Print each record below precisely, with every picture left out of the copy.

Data items

**********

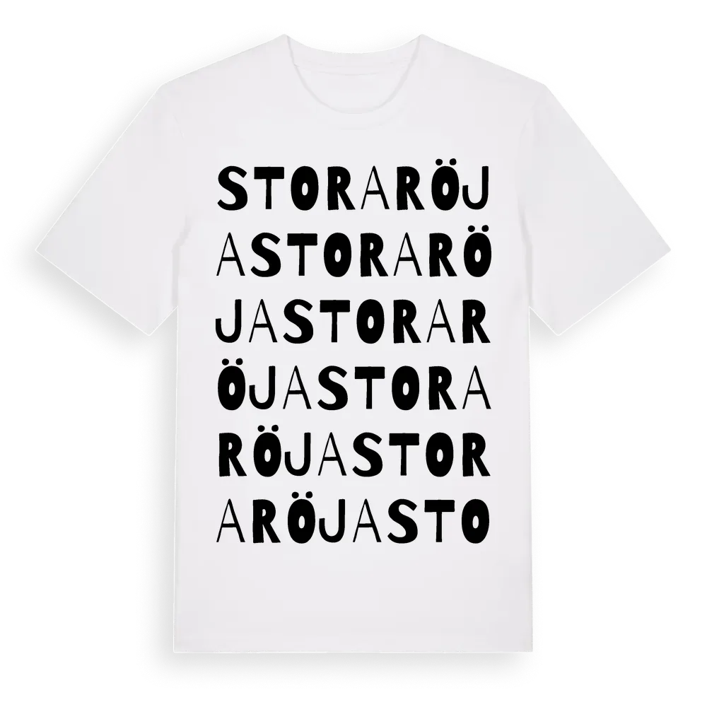 Stora Röja ordlek t-shirt är inspirerad av Stora Röja i Östergötlands län, Sverige. Tröjan är designad för dig som har en speciell koppling till platsen – oavsett om du bor här, har rötterna här eller bara älskar Stora Röja.
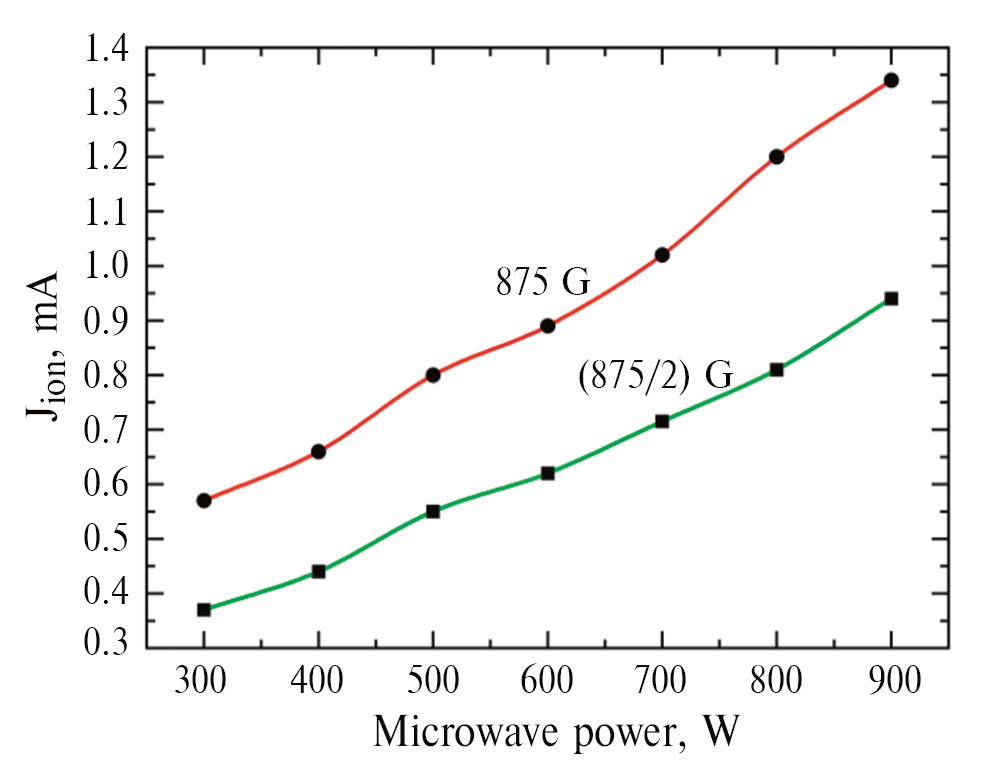 Зависимость тока насыщения Jion зонда Ленгмюра на оси камеры от напряженности магнитного поля показана на рис. 3 при давлении азота 1 мТорр и поглощаемой СВЧ мощности Pabs = 450 Вт. При напряженностях магнитного поля B1 = Br = 875 Гс и B2 = = Br /2 ≈ 438 Гс ток Jion проходит через максимумы. Величины этих максимумов зависят от давления газа и СВЧ мощности. Максимум при поле B1 соответствует ЭЦР, а максимум при поле B2 соответствует резонансу на второй циклотронной гармонике.
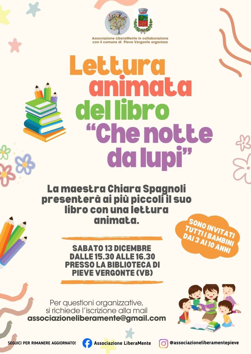 L’Associazione LiberaMente, in collaborazione con il Comune di Pieve Vergonte, propone un nuovo appuntamento pensato per far brillare la fantasia dei più piccoli: una lettura animata del libro “Che notte da lupi”, interpretata e presentata dall’autrice, la maestra Chiara Spagnoli.
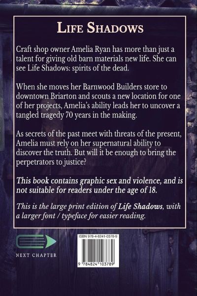 This book contains graphic sex and violence, and is not suitable for readers under the age of 18. Craft shop owner Amelia Ryan has more than just a talent for giving old barn materials new life. She can see Life Shadows: spirits of the dead. When she moves her Barnwood Builders store to downtown Briarton and scouts a new location for one of her projects, Amelia's ability leads her to uncover a tangled tragedy 70 years in the making. As secrets of the past meet with threats of the present, Amelia must rely on her supernatural ability to discover the truth. But will it be enough to bring the perpetrators to justice? This is the large print edition of Life Shadows, with a larger font / typeface for easier reading.
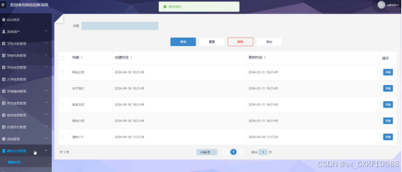 管理员可以进行通知公告的发布、编辑和删除操作。这包括设置公告的标题、内容、发布日期等信息,并选择公告的展示位置和时效性。管理员可以根据学校的需要,及时更新公告内容,如迎新事项、政策变动等重要通知,以确保用户能够及时了解学校的最新动态。界面如下图所示。
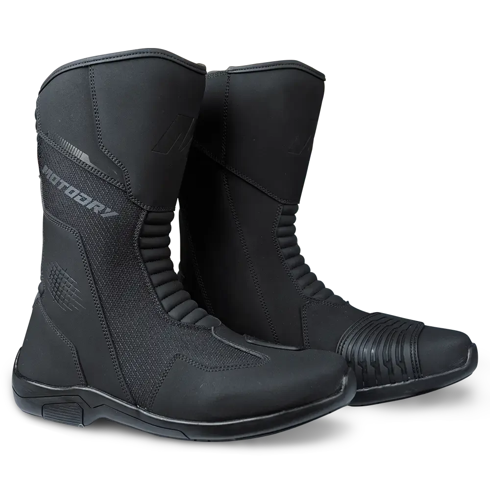 Touring boots designed to go the distance—abrasion-resistant, double-stitched outer, with added stretch panels that move with you, keeping you comfortable on those long journeys. The secure zip and Velcro closure makes fitting easy, while a waterproof & breathable lining, along with a pre-formed orthopaedic anti-vibration footbed keep things cool and comfortable. Subtle reflectives and reinforced impact zones boost confidence with every step.
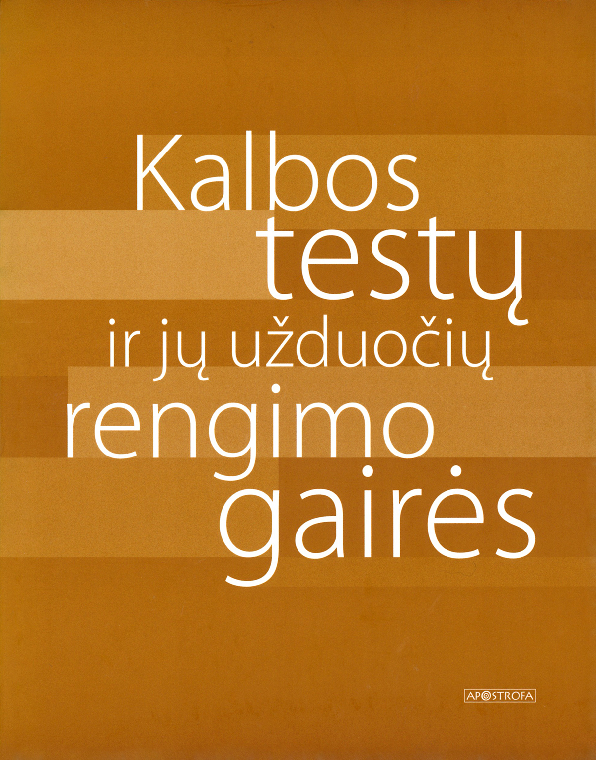Parengtos Europos kalbų testuotojų asociacijos (ALTE) darbų pagrindu. Leidinyje bendrais bruožais supažindinama su testų teorija, aptariami testų kūrimo etapai, pateikiama užduočių pavyzdžių.

**********

**Exercise output**
 Stora Röja ordlek t-shirt är inspirerad av Stora Röja i Östergötlands län, Sverige. Tröjan är designad för dig som har en speciell koppling till platsen – oavsett om du bor här, har rötterna här eller bara älskar Stora Röja.
 Зависимость тока насыщения Jion зонда Ленгмюра на оси камеры от напряженности магнитного поля показана на рис. 3 при давлении азота 1 мТорр и поглощаемой СВЧ мощности Pabs = 450 Вт. При напряженностях магнитного поля B1 = Br = 875 Гс и B2 = = Br /2 ≈ 438 Гс ток Jion проходит через максимумы. Величины этих максимумов зависят от давления газа и СВЧ мощности. Максимум при поле B1 соответствует ЭЦР, а максимум при поле B2 соответствует резонансу на второй циклотронной гармонике.
 L’Associazione LiberaMente, in collaborazione con il Comune di Pieve Vergonte, propone un nuovo appuntamento pensato per far brillare la fantasia dei più piccoli: una lettura animata del libro “Che notte da lupi”, interpretata e presentata dall’autrice, la maestra Chiara Spagnoli.
 This book contains graphic sex and violence, and is not suitable for readers under the age of 18. Craft shop owner Amelia Ryan has more than just a talent for giving old barn materials new life. She can see Life Shadows: spirits of the dead. When she moves her Barnwood Builders store to downtown Briarton and scouts a new location for one of her projects, Amelia's ability leads her to uncover a tangled tragedy 70 years in the making. As secrets of the past meet with threats of the present, Amelia must rely on her supernatural ability to discover the truth. But will it be enough to bring the perpetrators to justice? This is the large print edition of Life Shadows, with a larger font / typeface for easier reading.
 管理员可以进行通知公告的发布、编辑和删除操作。这包括设置公告的标题、内容、发布日期等信息,并选择公告的展示位置和时效性。管理员可以根据学校的需要,及时更新公告内容,如迎新事项、政策变动等重要通知,以确保用户能够及时了解学校的最新动态。界面如下图所示。
 Touring boots designed to go the distance—abrasion-resistant, double-stitched outer, with added stretch panels that move with you, keeping you comfortable on those long journeys. The secure zip and Velcro closure makes fitting easy, while a waterproof & breathable lining, along with a pre-formed orthopaedic anti-vibration footbed keep things cool and comfortable. Subtle reflectives and reinforced impact zones boost confidence with every step.
Parengtos Europos kalbų testuotojų asociacijos (ALTE) darbų pagrindu. Leidinyje bendrais bruožais supažindinama su testų teorija, aptariami testų kūrimo etapai, pateikiama užduočių pavyzdžių.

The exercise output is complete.